Suspicion without Representation

Building interpersonal relationships is one thing. A harder barrier to overcome is a lack of minority representation in the sciences.

“I grew up in El Paso, where the population is 70 percent Latino. I never felt like an outsider,” said Chavez. “As I went on to graduate school, I was one of only a handful Latino students. In most classes, I was the only one.”

In a 2015 report based on 2012 data, African-Americans comprised less than 4 percent of practicing physicians in the United States. Hispanic or Latino physicians comprised less than 6 percent.

“It’s hard to trust a system in which there are no doctors that look like you,” said Chavez.

And it’s not just physicians. Community researchers who spend much of their time in the field need to be culturally reflective the populations they serve. Too often, they aren’t.

“You’ve got to diversify the people on the other side: Researchers need to look like you,” said Chavez. “How do you connect with communities?

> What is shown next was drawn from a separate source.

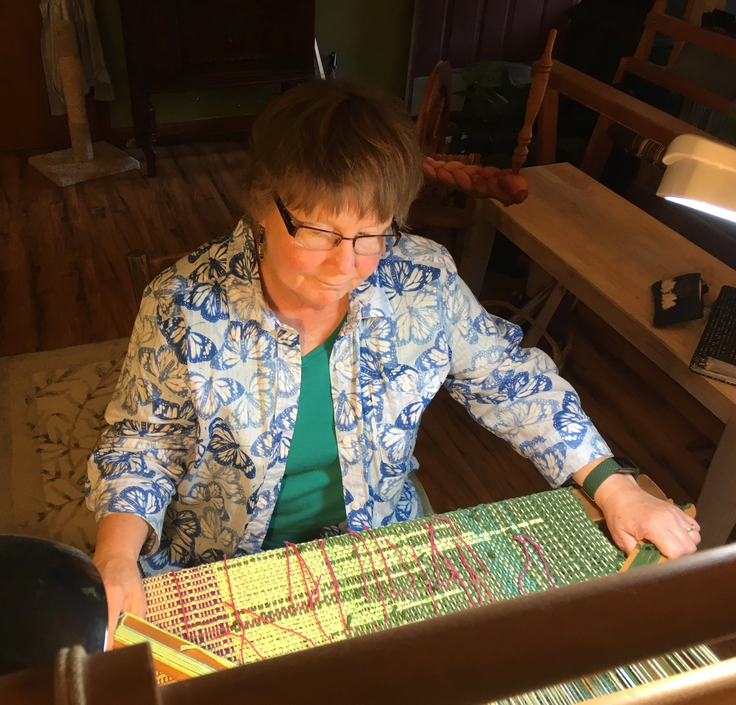 “Hi there, my name is Janet Griffin and I am a fiber artist. Specifically, I’d like to say I am a tapestry Weaver. I use a cotton warp background on my loom, and I inlay wool yarn to create an image. My Tapestry weavings are based on the techniques developed by Theo Moorman , based in England. Additionally, I find felted wool extremely creative. Felted paintings, felted bowls, felted flowers, felted purses work extremely well together. My favorite kind of fiber is Corriedale, Romney, and Merino wool or yarn, cotton yarns, Silk, Leicester locks , and Mohair. Feathers are kind of fun too. As you can tell I’m very much drawn into texture. I do love how wool can be soft and fluffy; and yet transformed into wet, thick fabric.”

Make sure you speak their language and understand their background. Find something that resonates with them. Then they’ll see why [the work] is so important.”

Sistrunk says that the first step in this process is to remember that as a researcher – and as a human being – you are already a part of a community.

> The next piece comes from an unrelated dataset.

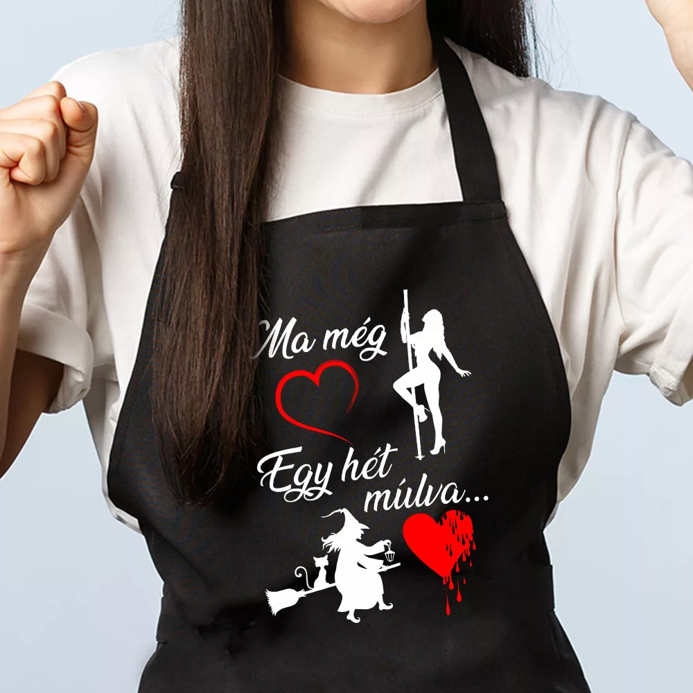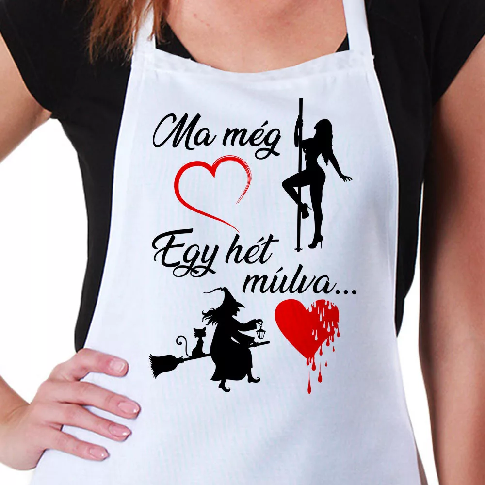 Kötény lánybúcsúra, ajándék menyasszonynak lánybúcsúra. Ma még bulizik, egy hét múlva már boszorkány. Ajándék minden nőnek aki szeret főzni, ebben a vicces kötényben stílusosan búcsúztathatja a szingli éveket.

“The first thing you’ve got to ask yourself is, ‘What community do I belong to? Is that community being actively pursued for the type of research I’m doing?’ I made it part of my mission to do outreach to the African-American community,” he said.

But attracting minority researchers can be difficult, according to Chavez, because there just aren’t that many out there. The key, he says, is getting the next generation of physicians and scientists into the pipeline.

“You’ve got to connect with kids while they’re young, talking to them about what science is and how it can help address disparities,” said Chavez. “Demystifying the process is key. You have to make people part of the process. You have to develop the next generation of folks who will provide care to their community. Community members will be the best advocates for their own community.”

Sistrunk agrees: “I taught eighth grade science for two years while I was getting my master’s degree,” he said. “I realized that that’s when you can reach kids. They're still pliable at that age.”

Forging Ahead

Despite the real obstacles standing in their way, Sistrunk and Chavez are undeterred in their mission to nurture trust among underserved communities. Why? Well, in part because the success of their work depends on it. But more important, because it’s the right thing to do.

“People say [the problem] is too big, it’s too hard,” said Sistrunk. “But I just remember everyone in the community and think, 'If I don't reach them, who will?'”

Stories of Hope is a monthly series that explores important issues in health care. To commemorate National Minority Health Month, we are dedicating the entire month of April to health care disparities.